--- SOURCE DATA Enclosed Below ---

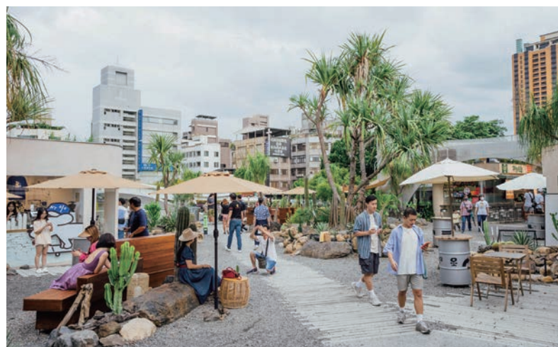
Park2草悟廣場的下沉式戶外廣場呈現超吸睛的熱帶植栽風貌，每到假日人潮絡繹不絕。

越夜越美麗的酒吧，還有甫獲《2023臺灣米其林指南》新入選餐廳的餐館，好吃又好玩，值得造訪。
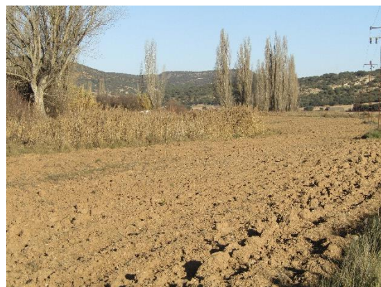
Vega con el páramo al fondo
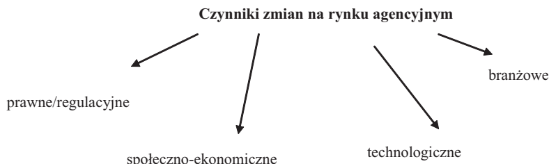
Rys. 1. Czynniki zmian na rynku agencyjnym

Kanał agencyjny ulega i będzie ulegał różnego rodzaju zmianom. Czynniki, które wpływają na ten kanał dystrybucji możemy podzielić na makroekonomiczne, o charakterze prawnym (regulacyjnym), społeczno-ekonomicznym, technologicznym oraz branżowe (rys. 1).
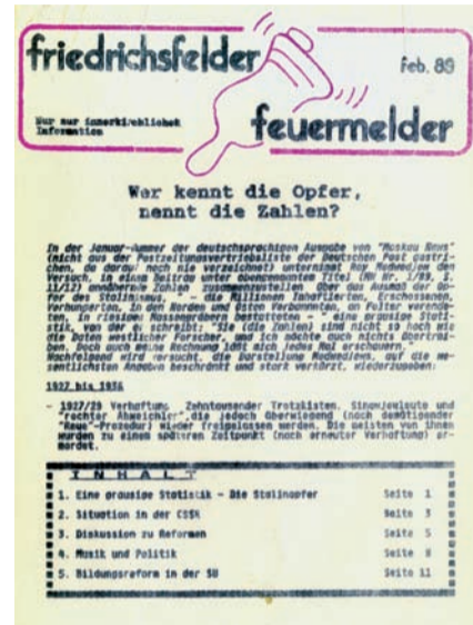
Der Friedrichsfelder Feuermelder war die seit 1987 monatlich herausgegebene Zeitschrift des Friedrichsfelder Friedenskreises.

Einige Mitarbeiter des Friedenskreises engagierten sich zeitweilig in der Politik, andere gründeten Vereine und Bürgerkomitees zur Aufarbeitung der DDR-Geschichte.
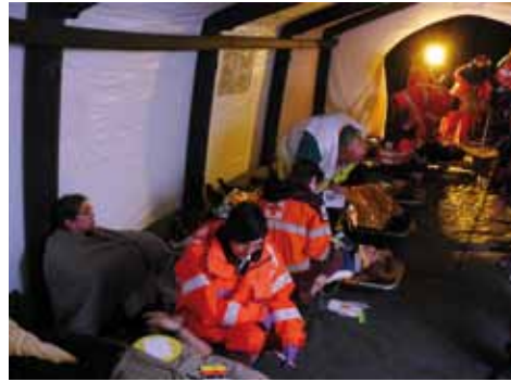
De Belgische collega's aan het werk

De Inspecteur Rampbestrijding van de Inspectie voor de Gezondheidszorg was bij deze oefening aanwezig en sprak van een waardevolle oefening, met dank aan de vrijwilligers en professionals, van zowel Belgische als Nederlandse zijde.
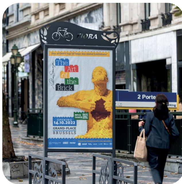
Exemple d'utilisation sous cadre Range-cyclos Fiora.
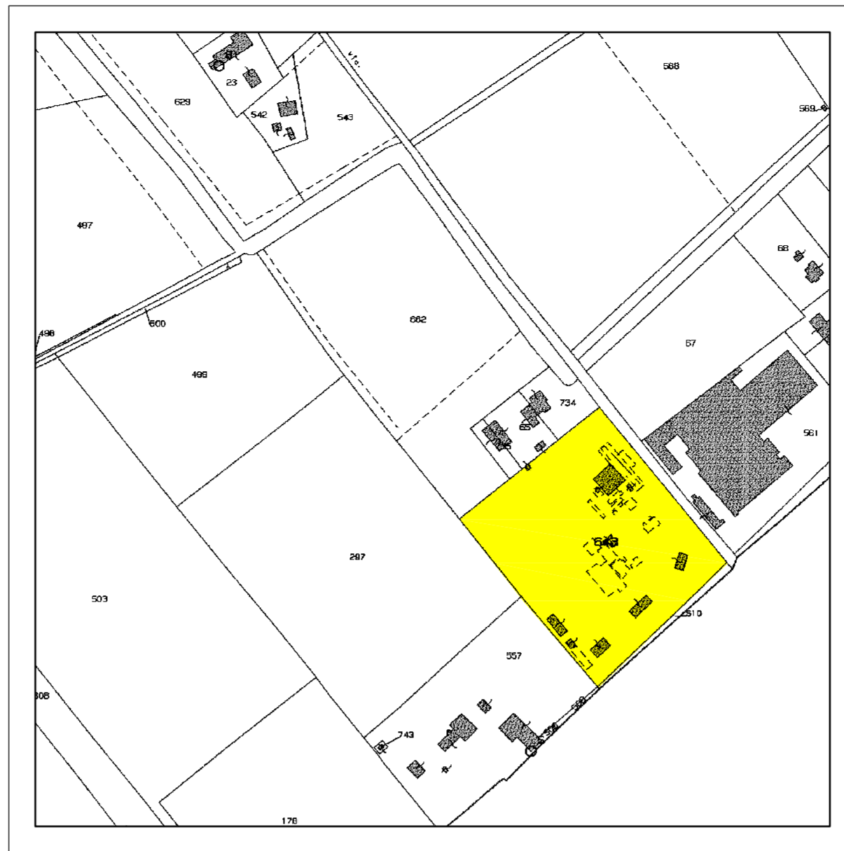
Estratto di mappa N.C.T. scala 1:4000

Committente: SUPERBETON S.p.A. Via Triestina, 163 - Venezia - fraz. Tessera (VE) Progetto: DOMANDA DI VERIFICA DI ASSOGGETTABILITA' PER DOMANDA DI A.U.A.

--- End of Enclosed SOURCE DATA ---

* _BRIEF_
Your output should be the lines above from the one that contains "Einige Mitarbeiter des" through the one that contains "De Belgische collega's aan het werk", word for word, with pictures left out.

* _ANSWER TO THE PROBLEM_
Einige Mitarbeiter des Friedenskreises engagierten sich zeitweilig in der Politik, andere gründeten Vereine und Bürgerkomitees zur Aufarbeitung der DDR-Geschichte.
De Belgische collega's aan het werk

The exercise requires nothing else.